**WHAT THE EXERCISE ASKS**
Output all of the data below without changing a word, and exclude the pictures.

━━━━━ SUPPLIED MATERIAL ━━━━━

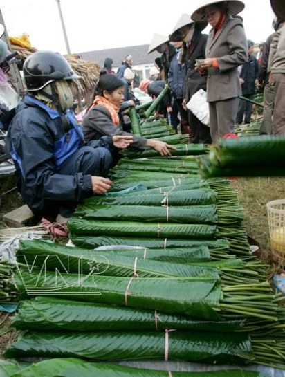 Lá dong gói bánh chưng - mặt hàng không thể thiếu trong các phiên chợ áp Tết.
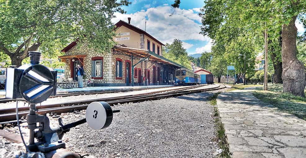The Odontotos -Cogwheel- from the coasts of the Corinthian Gulf follows the Vouraikos Gorge. After a distance of 22,350 meters, on a slope of up to 175o/oo, within 60 minutes, it ends up in the city of Kalavryta. It has been operating for 120 years since 1896..
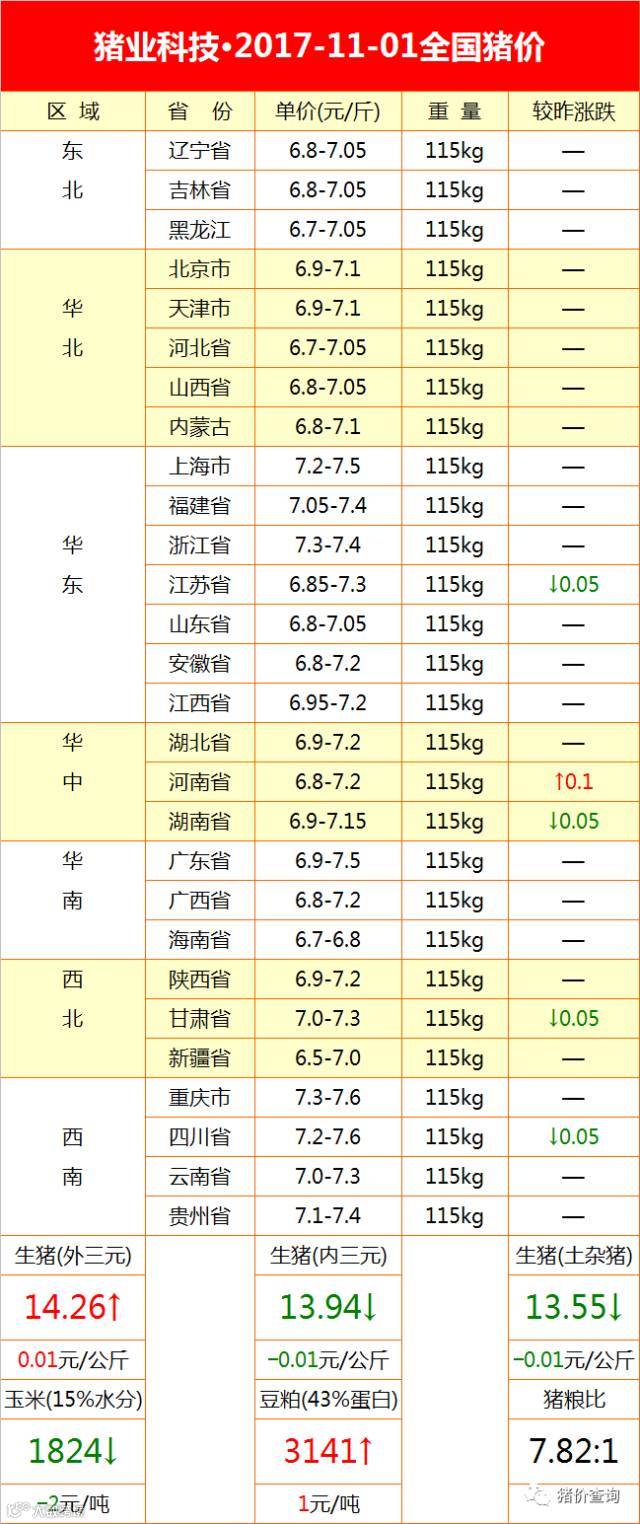 今日猪价•2017-11-01全国猪价

━━━━━

**EXERCISE RESPONSE**
 Lá dong gói bánh chưng - mặt hàng không thể thiếu trong các phiên chợ áp Tết.
The Odontotos -Cogwheel- from the coasts of the Corinthian Gulf follows the Vouraikos Gorge. After a distance of 22,350 meters, on a slope of up to 175o/oo, within 60 minutes, it ends up in the city of Kalavryta. It has been operating for 120 years since 1896..
 今日猪价•2017-11-01全国猪价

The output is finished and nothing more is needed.